Raised in South Western Sydney, Dias completed her tertiary education at the University of Sydney, where she wrote for the student newspaper Honi Soit. In her early career, she worked at independent radio station FBi Radio and the online newspaper The New Daily whilst also working as a production assistant at the ABC. Dias received a cadetship at ABC News in 2015, becoming a video-journalist and later anchoring the Darwin 7PM News bulletin.

Dias has won and been nominated for various journalistic awards, including Public Interest Award at the New South Wales Premier's Multicultural Communications Awards in 2019.

==Early life and education==
Avani Dias was born on 15 November 1991, in Wattle Grove, New South Wales. Dias grew up in the south west of Sydney, Australia. The elder of two siblings, Dias has one brother, Seth. Dias' mother is also a journalist at the ABC.

She completed her secondary schooling at Bankstown Grammar School in 2009, and completed her tertiary education at the University of Sydney. In early 2013, she was elected as one of ten editors for the university's student newspaper Honi Soit.

==Career==
Dias began her career with FBi Radio, which she credits as giving her "a start in media". Dias began working at the Australian Broadcasting Corporation (ABC) as a production assistant, before being awarded a cadetship with ABC News in 2015. She went on to work as a multi-platform and video-journalist for the ABC in Sydney and Darwin, later anchoring the Darwin 7PM News bulletin. In December 2019, Dias was announced as the new radio presenter for current affairs program Hack on the ABC's youth-focused radio station Triple J, which she hosted until December 2021. In 2021 it was announced that Dias would relocate to New Delhi to serve as the ABC's foreign correspondent for South East Asia.

Dias additionally wrote for The New Daily from 2015 to 2017.

Her 2024 report for Foreign Correspondent, entitled Sikhs, Spies and Murder, investigated the alleged assassination by India of Hardeep Singh Nijjar in Canada.

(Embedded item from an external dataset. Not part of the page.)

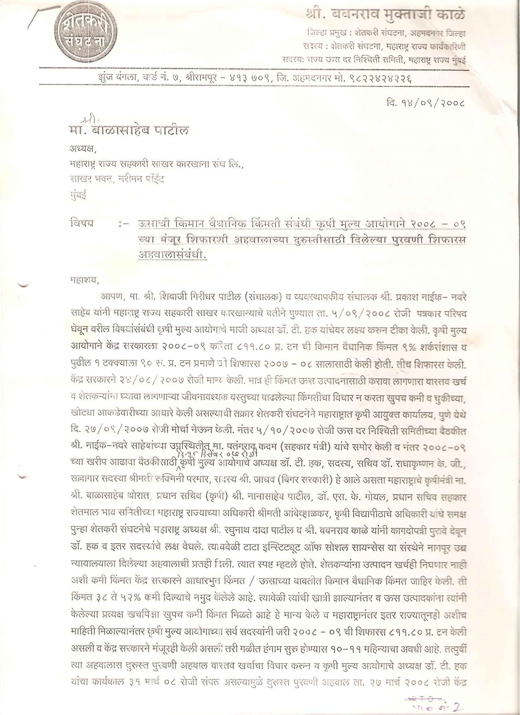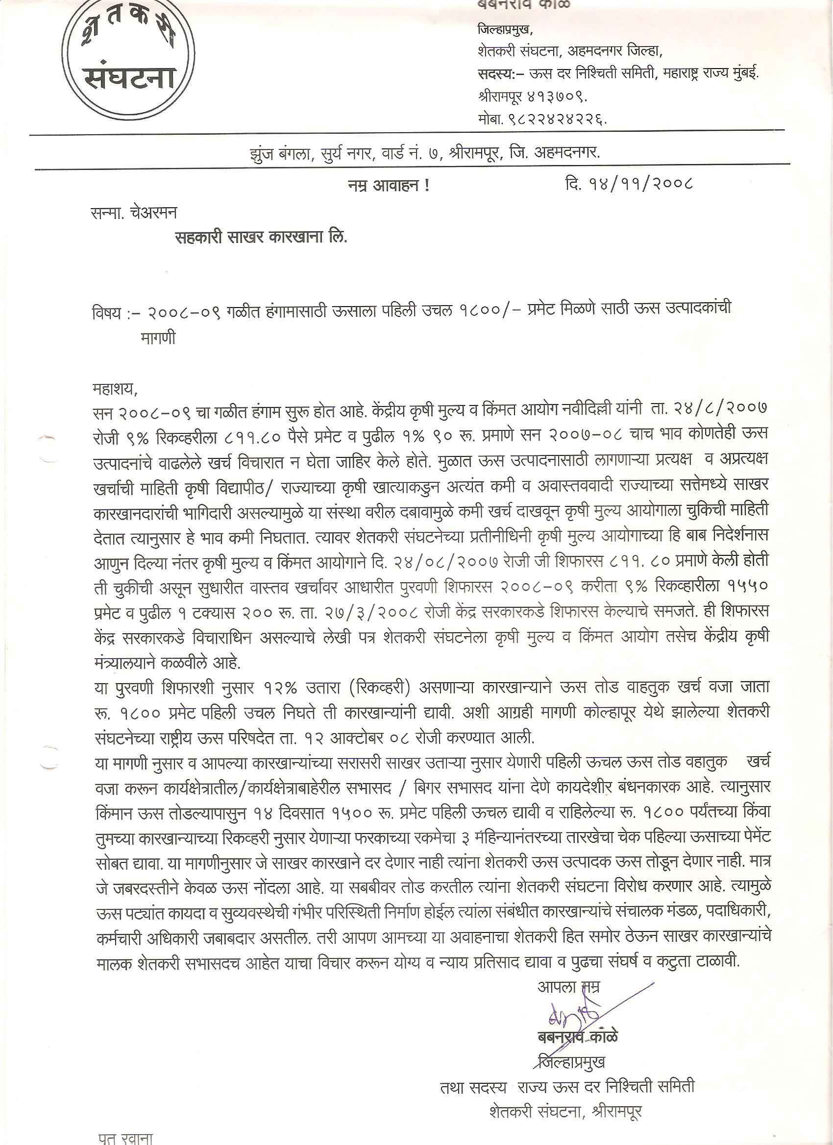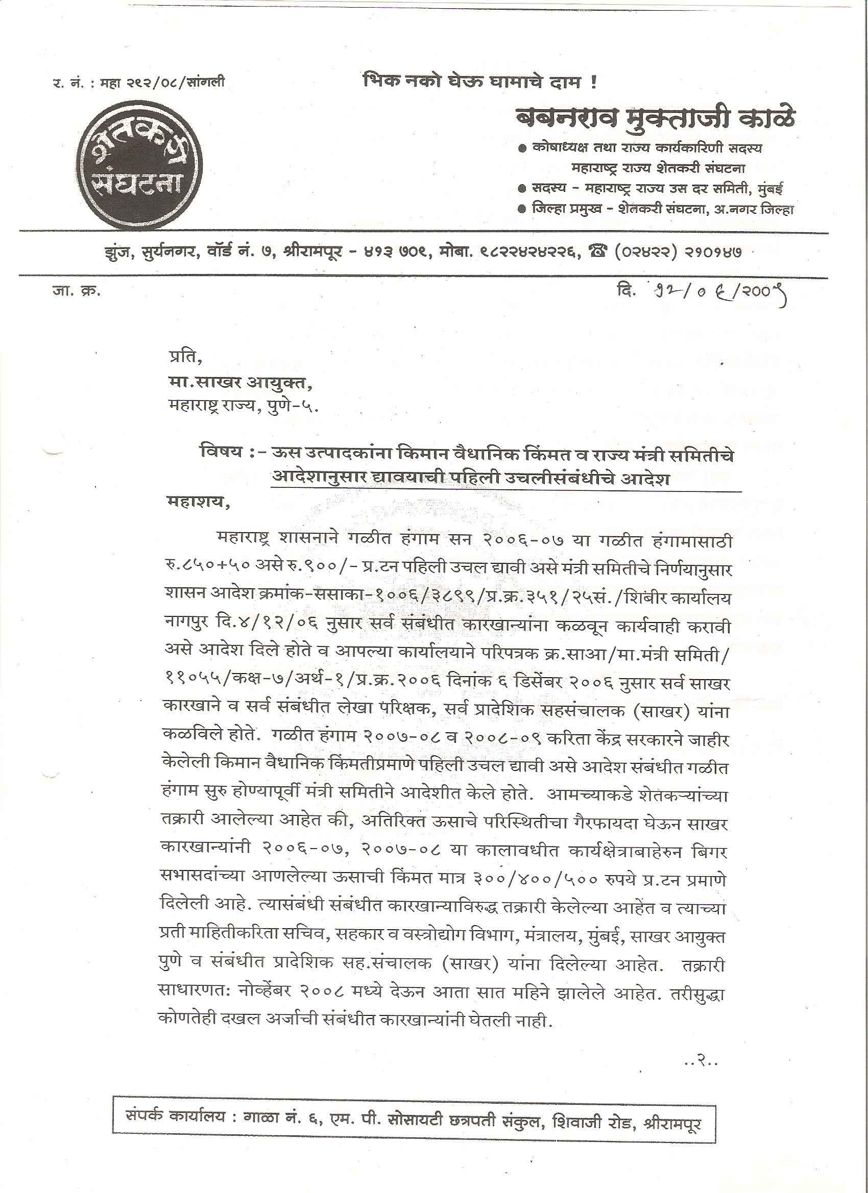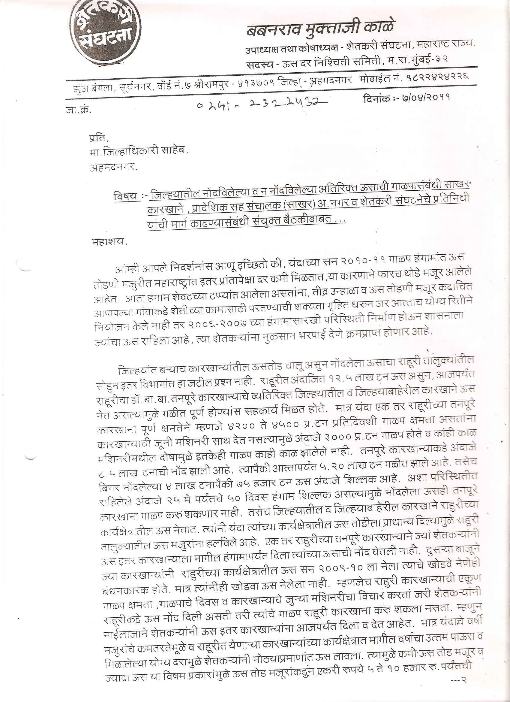 मा. कोषाध्यक्ष तथा राज्यकार्यकारणी सदस्य, शेतकरी संघटना

India blocked the report on YouTube and said it would refuse to extend Dias' visa to stay in India. After a request from the Australian government, Dias' visa was extended for two months, but she decided to return to Australia because she said the pressure placed on her by Modi's government made it difficult to work in India. She will join Four Corners as a reporter on her return to Australia.

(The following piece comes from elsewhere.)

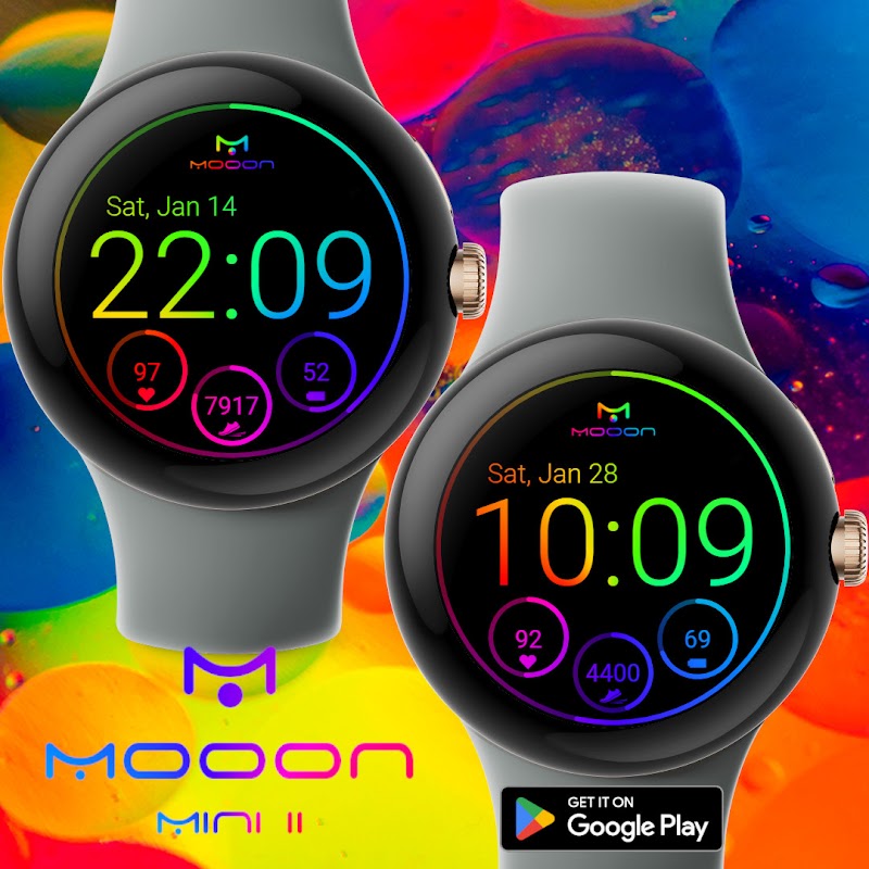 多彩表盘,带有适用于 Wear OS 的数字时钟、日期、计步器和心率监视器。

She became embroiled in a controversy in June 2024 following the release of a video documentary titled "The story behind India’s Narendra Modi." In this video, Dias incorrectly claimed that the Indian Constitution included the word "secular" since its inception in 1947. On June 27, 2024, ABC News issued a clarification, admitting that Dias's claim was false. The broadcaster acknowledged that while the Supreme Court of India affirmed secularism as a basic feature of the 1950 Constitution during the 1960s, the word "secular" was only officially added to the Preamble in 1976 through the 42nd Constitutional Amendment during Prime Minister Indira Gandhi's tenure.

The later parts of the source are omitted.